BGC-01 Mercury biogeochemical cycling in the ocean
The Marine Methylmercury Myth
Feiyue Wang* , University of Manitoba

Methylmercury is one of a few known developmental neurotoxin to humans. Globally, humans are exposed to methylmercury primarily via the consumption of seafood, yet the source of methylmercury in the ocean remains a subject of debate. A subsurface seawater enrichment of methylmercury was first reported in the early 1990s, but it did not catch much attention until the late 2000s. Since then methylmercury enrichment has been observed in subsurface seawater in almost all ocean basins that have been studied. Most of the studies have attributed the subsurface methylmercury to in situ mercury methylation in the water column associated with organic matter remineralization, yet how this methylation process operates remains a mystery.
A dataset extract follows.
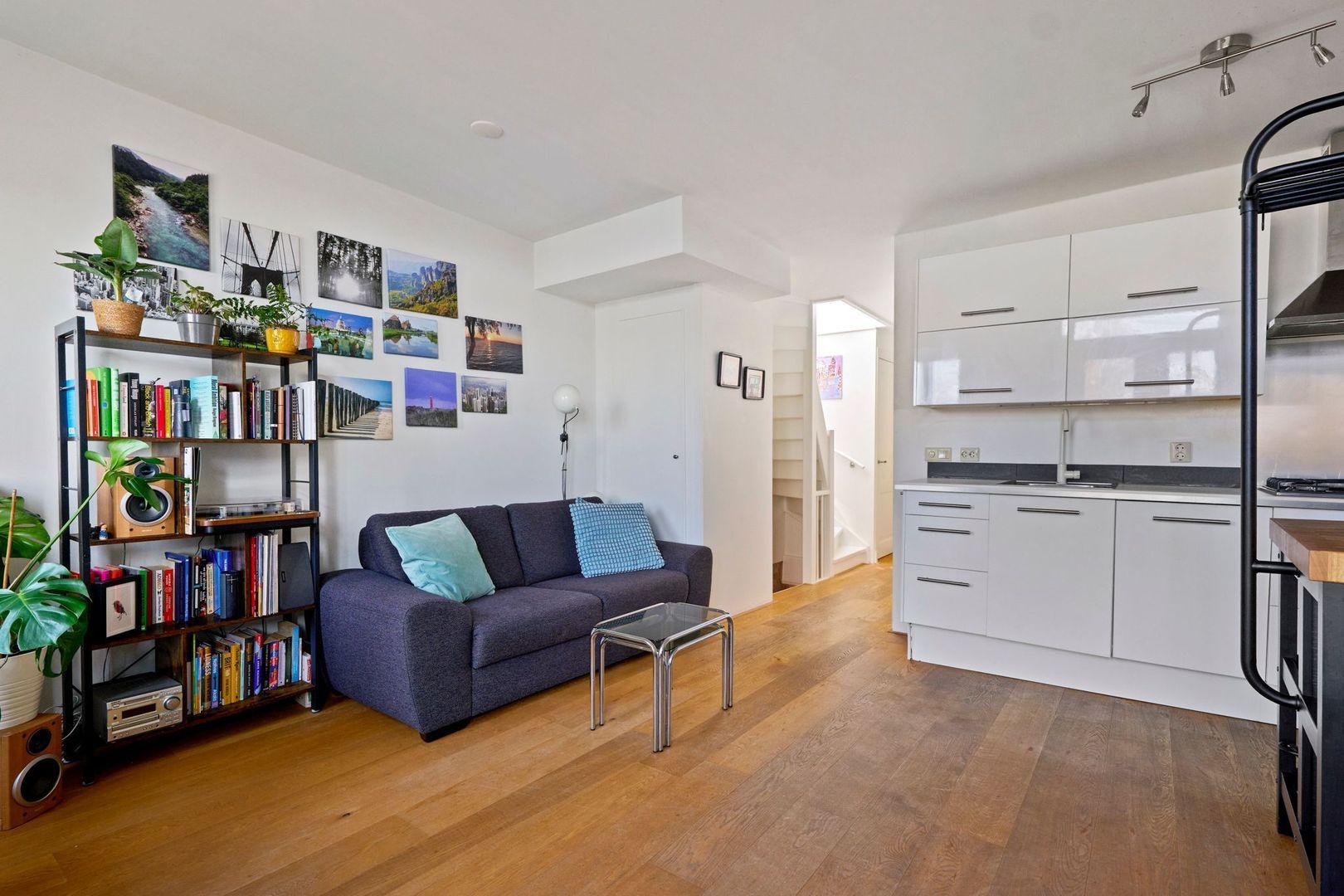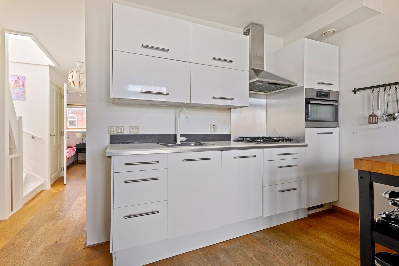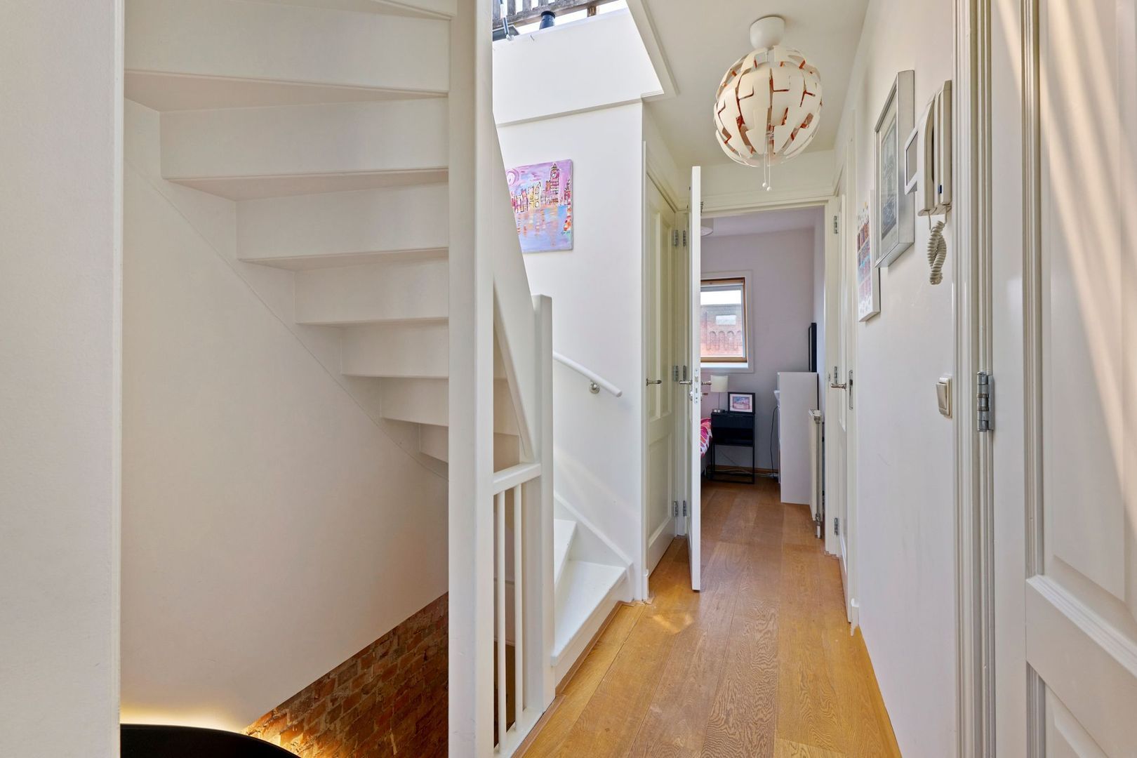 Via de gemeenschappelijke entree met een verzorgd trappenhuis bereik je de derde verdieping waar zich de toegang tot deze bovenwoning bevindt. De overloop, voorzien van meterkast en garderobe, heeft een houten trap naar de vierde verdieping. Leuk detail is de robuuste stenen wand langs de trap met verlichting achter de trapleuning. Op de vierde verdieping kom je direct uit in de lichte living aan de achterzijde. Deze gezellige ruimte biedt plaats voor zowel een zithoek als een eetgedeelte en beschikt over een open keuken.

Based on recent studies in the Arctic Ocean, here we show that ex situ methylmercury production, especially from organic-rich shelf sediment followed by offshore transport, cannot be ruled out. This is supported by three lines of evidence: 1) the spatial distribution pattern of subsurface methylmercury in relationship with distinctive water masses; 2) a lack of known mercury methylators in the highly oxygenated subsurface even considering anoxic microenvironments; and 3) the problems associated with existing mercury methylation and demethylation rates that were determined using a seawater incubation approach. Our analysis calls for further studies on the origin and dynamics of methylmercury in the global ocean, which is critical to our ability of projecting future trajectories in human exposure to methylmercury under the Minamata Convention on Mercury in a changing climate.